In Capen, plaintiffs moved for a preliminary injunction. In his opinion denying the motion, Chief Judge Saylor held that plaintiffs were unlikely to succeed on the merits of their Second Amendment challenge under the Bruen framework. Capen v. Campbell, 708 F. Supp. 3d 65, 92 (D. Mass. 2023). The Court assumed without deciding that the proscribed assault weapons and LCMs are “arms” within the meaning of the Second Amendment, though it expressed skepticism that “all magazines, regardless of capacity, fall within the protection of the Second Amendment” given that magazines are not themselves “arms” and that LCMs “as a specific subset of that class are never necessary for a firearm to function.” Id. at 81, 89. The court also held that assault weapons and LCMs represent a “dramatic technological change” from “the technology that existed in the founding era.” Id. at 82-83, 90. The court then held that the challenged laws fall within the “history and tradition of regulating ‘dangerous and unusual’ weapons” already recognized by the Supreme Court. Id. at 83, 90-91. Notably, like the historical analogues within that tradition, the challenged laws “impose a minimal burden on the right of self-defense,” and restrict weapons that have destructive power far beyond a typical handgun. Id. at 84, 91. Thus, like the weapons restricted in historical regulations, the proscribed weapons and LCMs are “unreasonably dangerous and unusual for ordinary citizens to use for lawful purposes, particularly self-defense.” Id. at 80 (emphasis in original).

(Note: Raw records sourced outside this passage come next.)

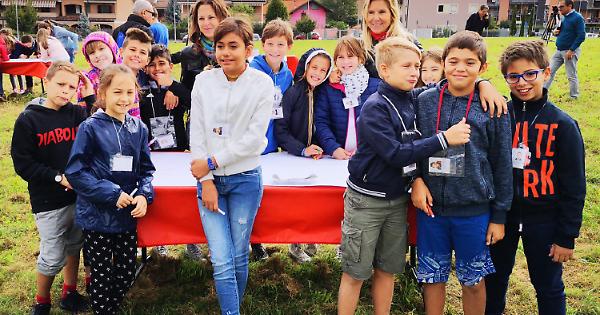 I ragazzi che hanno partecipato simbolicamente alla piantumazione degli alberi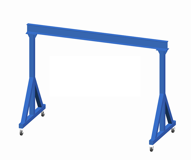 轻便式龙门起重机带有4个万向轮,无需轨道,可以自由位置移动,适用于小吨位物料输送,方便操作,经济性好。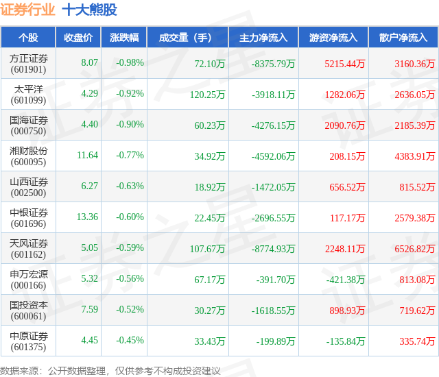 个股表现方面,证券行业当日领跌股为方正证券(601901),该股当日报收8.07,下跌0.98%,成交量72.1万,主力资金净流出8375.79万元。太平洋(601099)以下跌0.92%紧随其后,该股当日成交量120.25万,主力资金净流出3918.11万元。除此之外,国海证券(000750)、湘财股份(600095)、山西证券(002500)均进入当日熊股之列。具体个股列表见下表: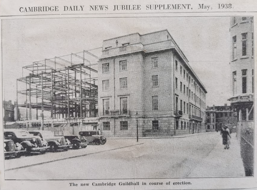 15/7/1932 Cambridge councillors say the municipal buildings should remain on the Guildhall site and not move to Parkside as had been proposed. It should be a worthy building, not surrounded by shops. With four floors they could provide 70 per cent more accommodation for officials but five would add to the dignity of the building and leave some surplus space that could be let and provide a source of income. But it must not overwhelm the market place. (Cam.News)

Plaintiffs appealed. While the appeal was pending, the First Circuit ruled on a similar challenge to Rhode Island’s LCM limitation, which, like the Massachusetts statute, capped magazines at ten rounds. Ocean State Tactical, LLC v. Rhode Island, 95 F.4th 38 (1st Cir. 2024). In that decision, the First Circuit also assumed without deciding that LCMs are “arms,” but found that the capacity limitation “very likely” fits within a historical tradition of “bans on other arms found to pose growing threats to public safety,” including bans on sawed-off shotguns and machine guns, and “severe restrictions” on Bowie knives in the nineteenth century. Id. at 46, 49-50. Thus, in the First Circuit, where a firearm “is virtually never used in self-defense” and poses “greater dangers” than typical self-defense weapons like handguns, banning civilian possession of that arm is unlikely to violate the Second Amendment. Id. at 49, 50.

Capen was argued in the First Circuit on October 10, 2024, and at this writing, a decision is pending. In the meantime, the appellants in Ocean State Tactical have filed a petition for a writ of certiorari with the Supreme Court. The Third, Fourth, Seventh, and D.C. Circuits have similarly rejected challenges to bans on assault weapons and/or LCMs, and although the Supreme Court denied a petition for certiorari in a Seventh Circuit case that had upheld an assault weapons ban at the preliminary-injunction stage, the Court may decide to take up this issue in the coming years in review of a final judgment.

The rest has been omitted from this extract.